- _What you need to do_
Images are to be left out; everything else in the listing should be repeated exactly.

- _Information shown_
::::

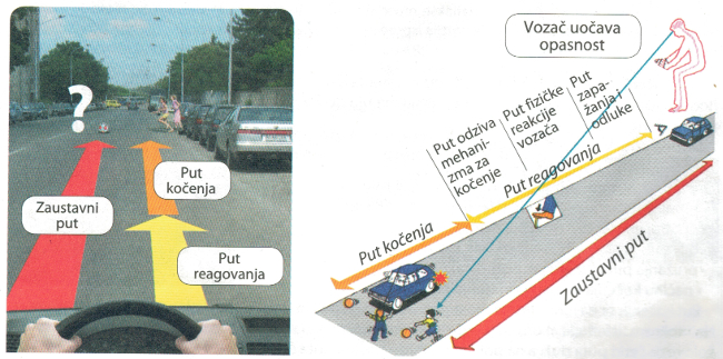 Put reagovanja je put koji vozilo pređe od momenta kada uočimo opasnost ispred vozila, do momenta stavljanja noge na papučicu kočnice, kada počinjemo da kočimo. Dužina puta reagovanja zavisi od vremena reagovanja i od brzine kojom se krećemo. Prosečno vreme reagovanja iznosi od 0,8 do 1,2 sek. Uzećemo da je vreme reagovanja 1 sek. što znači da vozilo koje ide brzinom od 50 km/h za jednu sekundu prelazi put od 14 m.
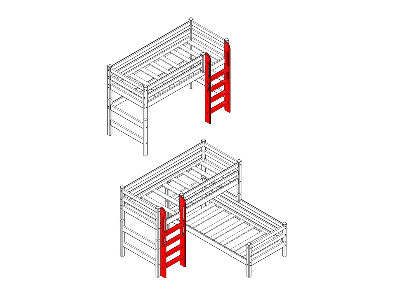 Пакет №7. Прямая лестница для полувысокой кровати “Соня” обеспечивает легкий и безопасный доступ к кровати, помогая ребенку чувствовать себя уверенно и комфортно.
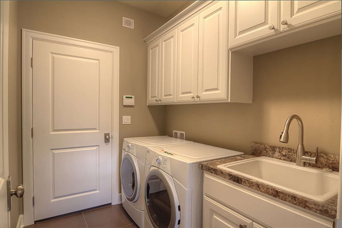 Двухэтажный проект дома позволяет рационально распорядиться площадью участка небольшого размера или узкой формы. На первом этаже находятся общие комнаты (гостиная/столовая, кухня, подсобные и технические помещения), на втором — спальни членов семьи.
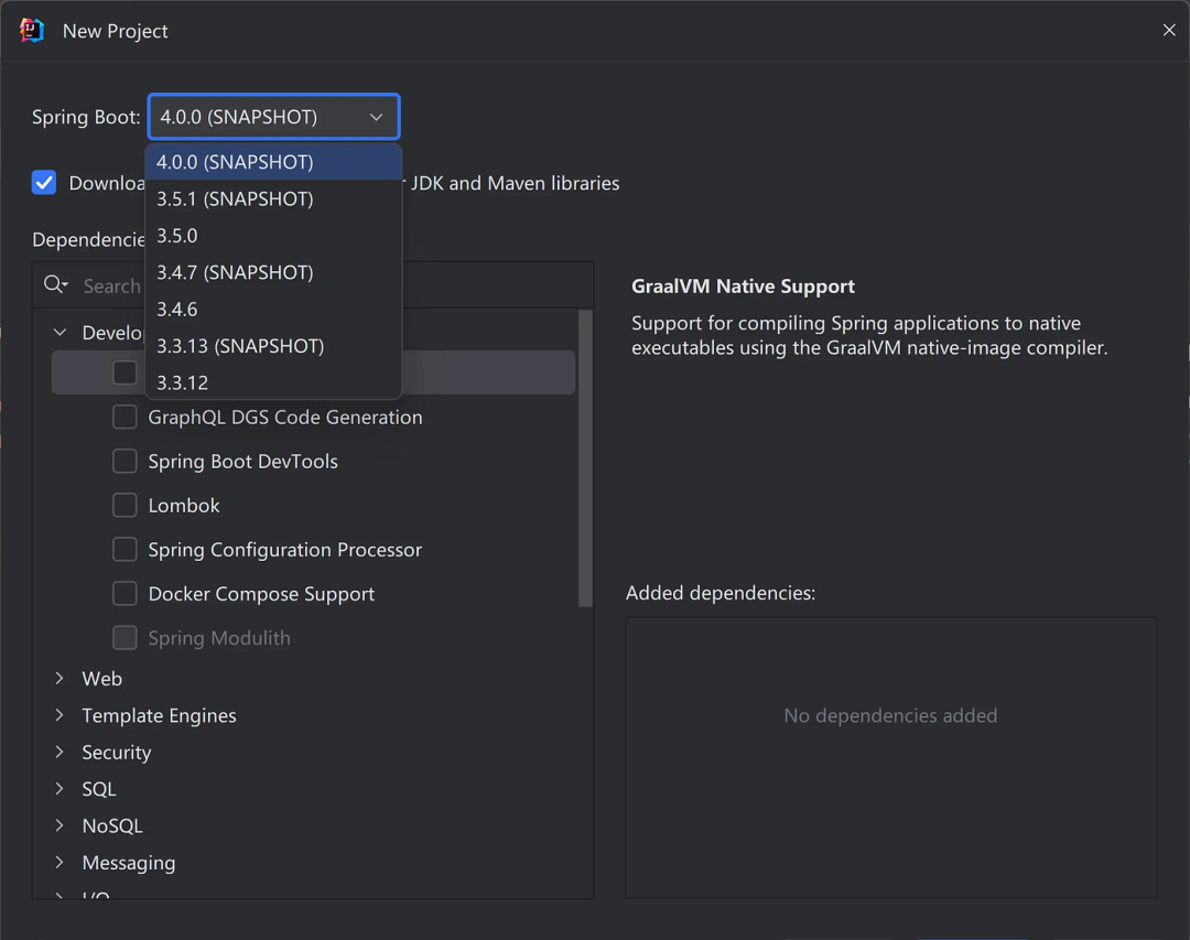 当我们创建一个新的Spring Boot项目时,现在有了Spring Boot 4.0.0相关的选项:

::::

- _Written response_
 Put reagovanja je put koji vozilo pređe od momenta kada uočimo opasnost ispred vozila, do momenta stavljanja noge na papučicu kočnice, kada počinjemo da kočimo. Dužina puta reagovanja zavisi od vremena reagovanja i od brzine kojom se krećemo. Prosečno vreme reagovanja iznosi od 0,8 do 1,2 sek. Uzećemo da je vreme reagovanja 1 sek. što znači da vozilo koje ide brzinom od 50 km/h za jednu sekundu prelazi put od 14 m.
 Пакет №7. Прямая лестница для полувысокой кровати “Соня” обеспечивает легкий и безопасный доступ к кровати, помогая ребенку чувствовать себя уверенно и комфортно.
 Двухэтажный проект дома позволяет рационально распорядиться площадью участка небольшого размера или узкой формы. На первом этаже находятся общие комнаты (гостиная/столовая, кухня, подсобные и технические помещения), на втором — спальни членов семьи.
 当我们创建一个新的Spring Boot项目时,现在有了Spring Boot 4.0.0相关的选项:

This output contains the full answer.